El tabaquismo debe suspenderse idealmente cuatro a seis semanas antes de la cirugía y mantenerse suspendido durante el mismo período después. La nicotina afecta la circulación sanguínea, compromete la oxigenación de los tejidos y aumenta significativamente el riesgo de complicaciones en la cicatrización, infecciones y problemas con la anestesia. Este requisito no es negociable para la mayoría de los cirujanos responsables.
Ciertos medicamentos y suplementos deben suspenderse antes de la cirugía porque pueden aumentar el riesgo de sangrado o interactuar con la anestesia. La aspirina, el ibuprofeno, el naproxeno y otros antiinflamatorios no esteroideos deben evitarse al menos dos semanas antes. Suplementos como vitamina E, aceite de pescado, ginkgo biloba, ginseng y ajo también deben suspenderse. Siempre informa a tu cirujano sobre todos los medicamentos y suplementos que tomas para recibir indicaciones específicas.
El alcohol debe limitarse significativamente o eliminarse en las dos semanas previas a la cirugía, ya que puede afectar la coagulación sanguínea y la respuesta a la anestesia.
La nutrición juega un papel importante en la capacidad del cuerpo para sanar. En las semanas previas, mantén una alimentación balanceada rica en proteínas, vitaminas y minerales. La proteína es particularmente importante para la reparación de tejidos. Mantente bien hidratado bebiendo suficiente agua diariamente.
Preparación práctica: organiza tu recuperación
Además de preparar tu cuerpo, necesitas organizar los aspectos prácticos que facilitarán tu recuperación.

Organiza ayuda para los primeros días. Dependiendo del procedimiento, necesitarás asistencia en casa durante al menos 24 a 72 horas después de la cirugía, y posiblemente más. Esta persona puede ayudarte con desplazamientos, preparación de alimentos, administración de medicamentos y actividades básicas mientras te recuperas.
Prepara tu espacio de recuperación en casa. Ubica lo que necesitarás al alcance de la mano: medicamentos, agua, teléfono, control remoto, libros o dispositivos de entretenimiento. Si tu procedimiento es abdominal o de senos, considera que levantarte de posiciones bajas será difícil, así que prepara un lugar de descanso que te permita incorporarte con facilidad.
Abastece tu hogar con alimentos fáciles de preparar y consumir. Frutas, verduras, proteínas ligeras, sopas y comidas que requieran mínima preparación serán útiles durante los primeros días. Evita alimentos muy salados que pueden aumentar la retención de líquidos e inflamación.
Prepara ropa cómoda y holgada que puedas ponerte fácilmente sin necesidad de levantar los brazos sobre la cabeza o hacer movimientos incómodos. Camisas con botones al frente son particularmente útiles después de cirugías de senos o brazos.
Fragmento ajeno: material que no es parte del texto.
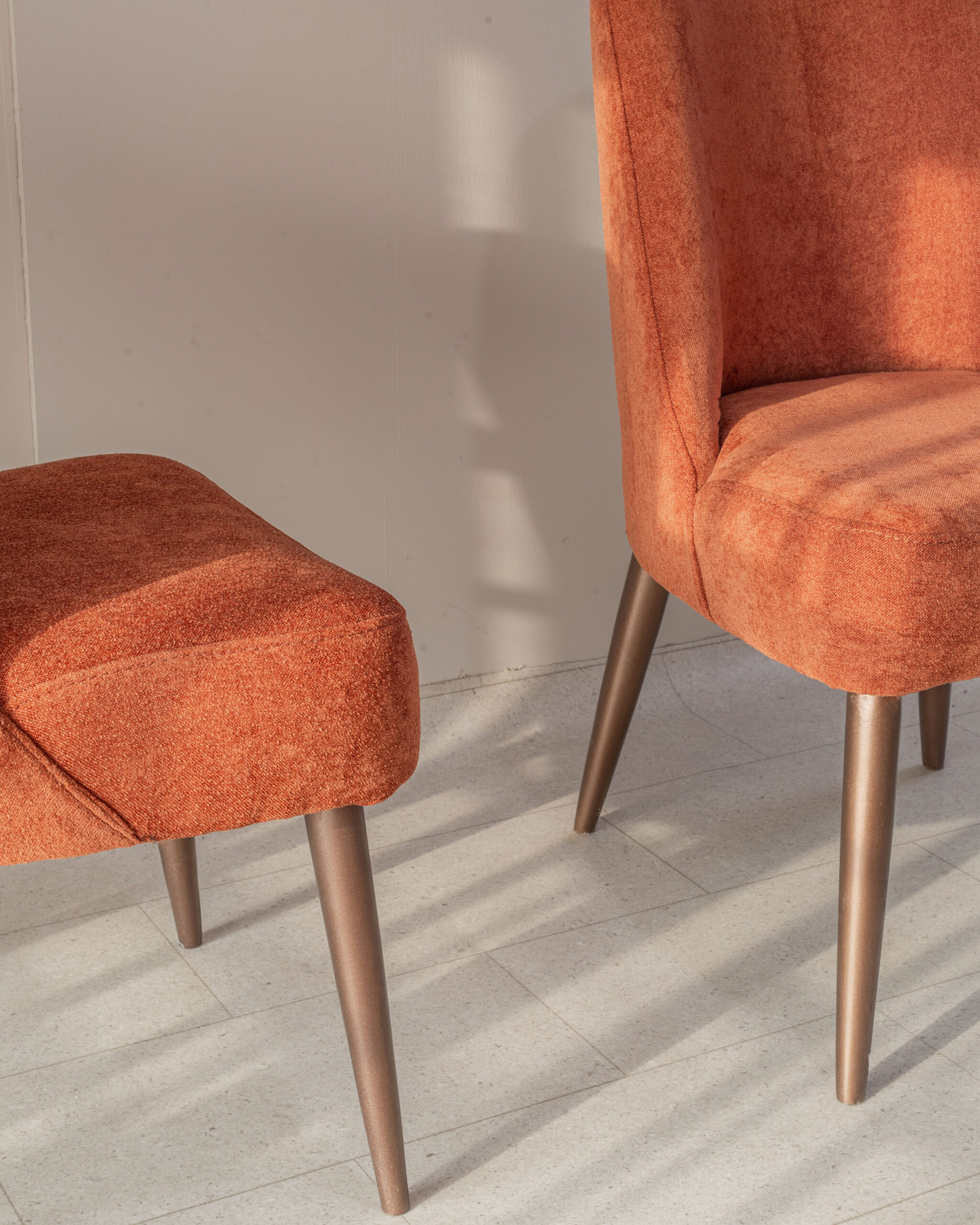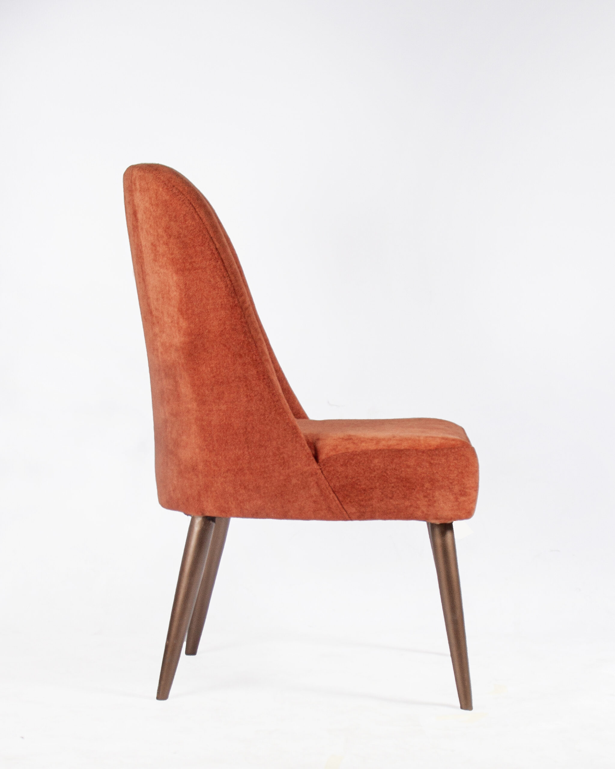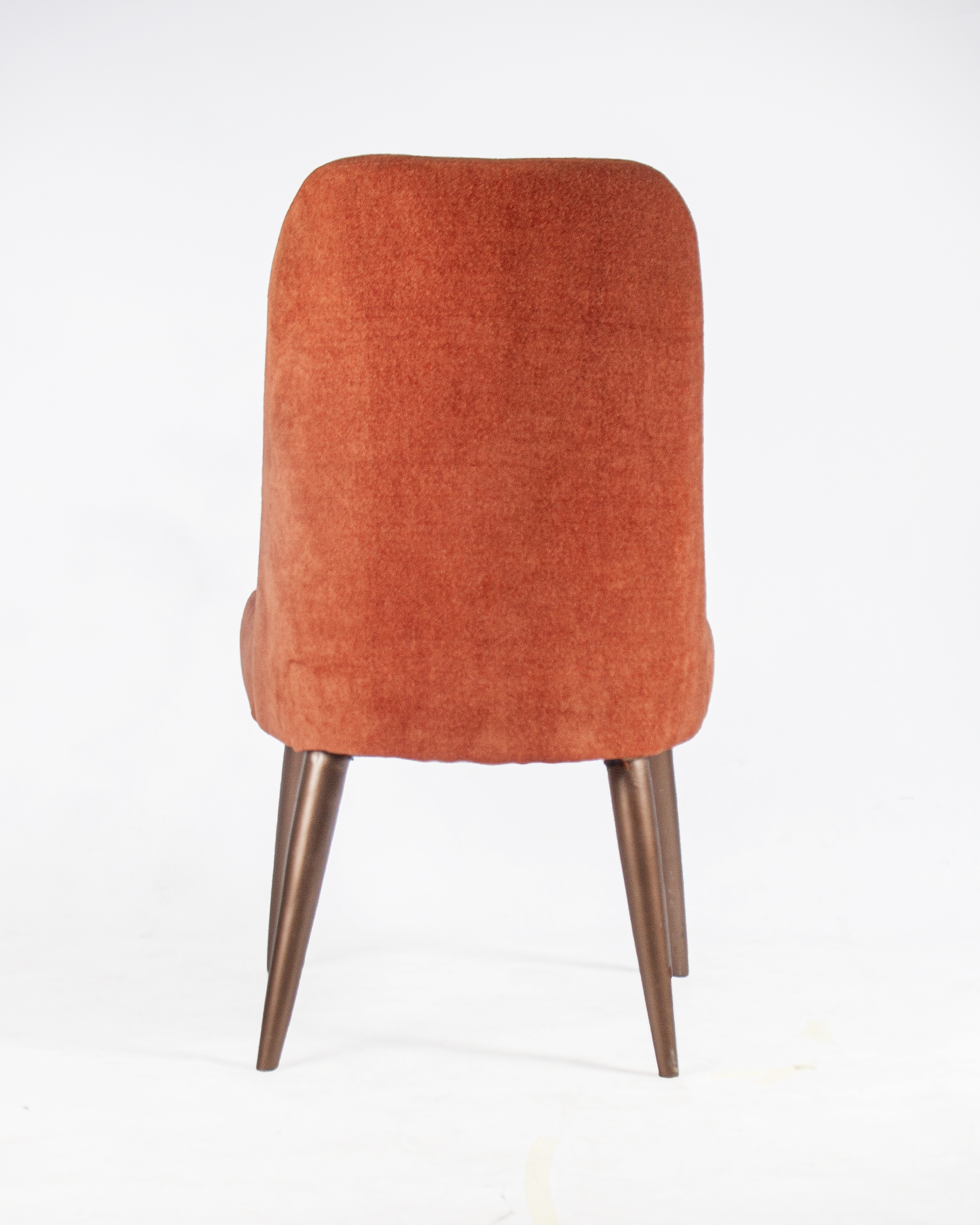 This sophisticated chair has a wide padded sitting area with a sloped-curved backrest to provide comfort. The conical wooden legs gives a unique and decorative essence to the bottom of the chair and the patterned fabric gives the chair a unique and radiant feel.
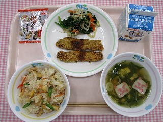 3月9日 (水) わかめごはん 鯵の梅揚げ 卯の花の炒り煮 ほうれん草とじゃがいもの味噌汁 ![]() ![]() |
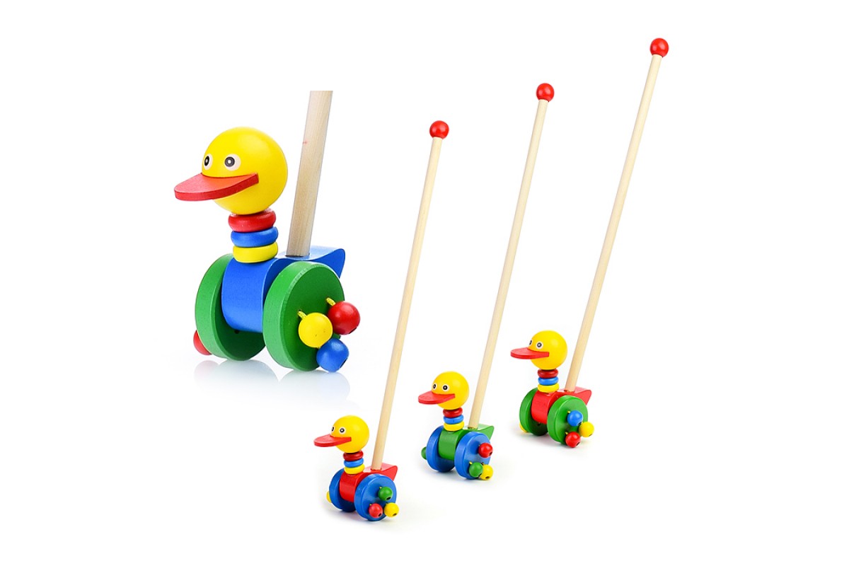• Колёса игрушки крутятся, деревянные бусины на колёсах постукивают во время движения.
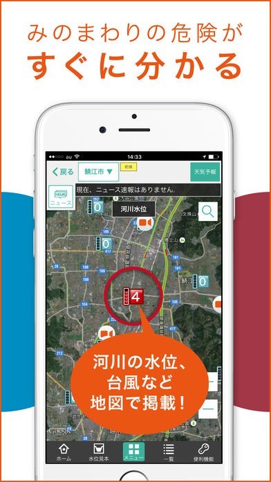 地図から河川水位や雨量が一目で分かる!河川の増水や氾濫時の避難に役立つ!
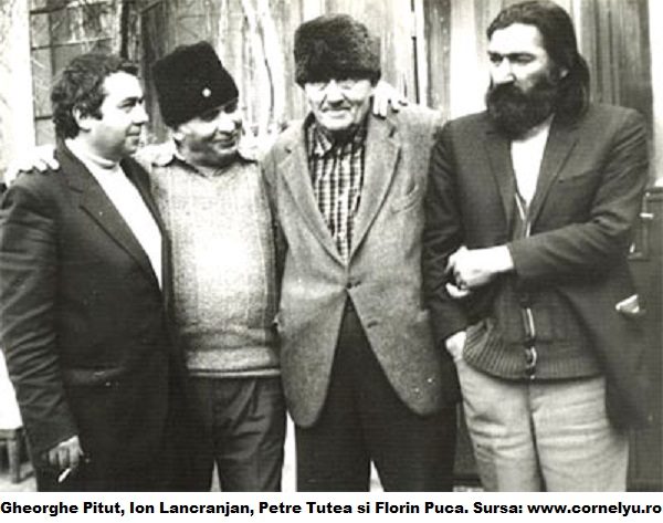 Imaginea de fată, am găsit-o cu multi ani în urmă si am publicat-o pe blogul foto personal, de la stânga la dreapta, Gheorghe Pitut, Ion Lancrănjan, Petre Tutea si Florin Pucă. Posibil, toti patru „suspecti de legionarism” – că prea stau îmbrătisati. Asteptăm cu interes viitoarele „cercetări” marca INSHR. Imagine cu autor necunoscut. Singura imagine cunoscută a exceptionalului grafician Florin Pucă. (va urma)
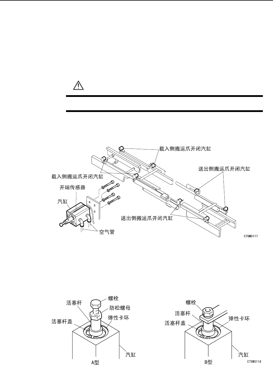 2 拆下螺栓 (4 根),从载入侧搬运爪及送出侧搬运爪的托架上拆下汽缸。
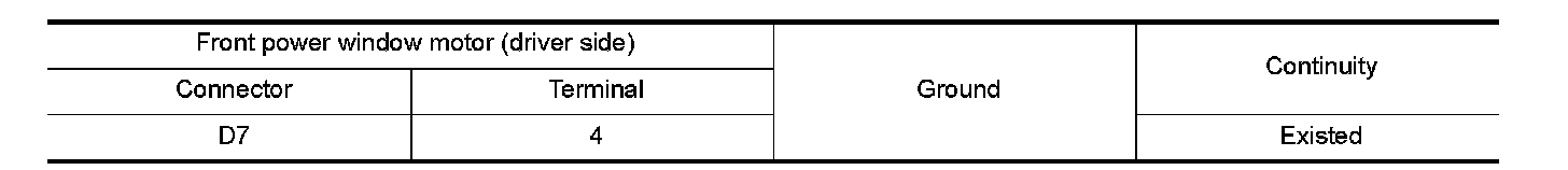 2.Check continuity between front power window motor (driver side) harness connector and ground.
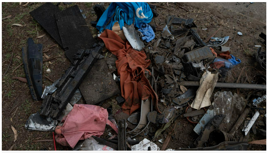 在车祸现场还残留着车辆撞击后留下的碎片,散落着一些衣物和其他小物件,还有一个绿色的塑料P牌...

Resuelve tus obligaciones laborales y familiares con anticipación. Informa a tu trabajo sobre tu ausencia, delega responsabilidades y asegúrate de no tener compromisos importantes durante las primeras semanas de recuperación.
El día de la cirugía
Las instrucciones específicas varían según el cirujano y el procedimiento, pero existen pautas generales.
El ayuno preoperatorio típicamente requiere no comer ni beber nada durante las ocho horas previas a la cirugía. Esto es fundamental para la seguridad de la anestesia. Incluso pequeños sorbos de agua pueden estar restringidos dependiendo de las indicaciones específicas.
Llega al hospital o clínica a la hora indicada, generalmente una a dos horas antes de la cirugía programada. Este tiempo permite completar el registro, los preparativos de enfermería y la evaluación preanestésica.
No uses maquillaje, cremas, lociones ni esmalte de uñas el día de la cirugía. Estos productos pueden interferir con el monitoreo durante la anestesia o con la preparación quirúrgica.
Retira todas las joyas, piercings y accesorios metálicos. Deja objetos de valor en casa.
Usa ropa cómoda y fácil de poner y quitar. Después de la cirugía, te vestirán con la ropa que hayas traído, así que considera qué será más cómodo en tu estado postoperatorio.
Cuidados postoperatorios inmediatos
Las primeras 24 a 72 horas son cruciales para establecer una buena recuperación.
El reposo es fundamental, pero esto no significa inmovilidad total. Caminar distancias cortas dentro de casa, con asistencia si es necesario, ayuda a prevenir complicaciones como trombosis venosa y mejora la circulación general.
Toma los medicamentos exactamente como fueron prescritos. Esto incluye analgésicos para el dolor, antibióticos si fueron indicados, y cualquier otro medicamento específico para tu procedimiento. No esperes a que el dolor sea intenso para tomar analgésicos; mantener el dolor controlado desde el inicio facilita la recuperación.
Mantén las áreas quirúrgicas limpias y secas según las indicaciones. Tu cirujano te explicará cuándo puedes ducharte y cómo cuidar las incisiones. No sumerjas las incisiones en agua hasta que te lo autoricen.
Usa las prendas de compresión según lo indicado. Estas prendas no son opcionales; cumplen funciones importantes como reducir la inflamación, mejorar el contorno, prevenir acumulación de líquidos y dar soporte a los tejidos mientras sanan.
Mantente hidratado bebiendo suficiente agua. La hidratación adecuada ayuda a eliminar los residuos de la anestesia y favorece la cicatrización.
Las primeras semanas de recuperación
El período entre la primera semana y el primer mes es cuando ocurre la mayor parte de la recuperación activa.
Asiste a todas las citas de seguimiento programadas. Estas citas permiten al cirujano evaluar tu evolución, retirar suturas o drenos si es necesario, y detectar cualquier problema tempranamente.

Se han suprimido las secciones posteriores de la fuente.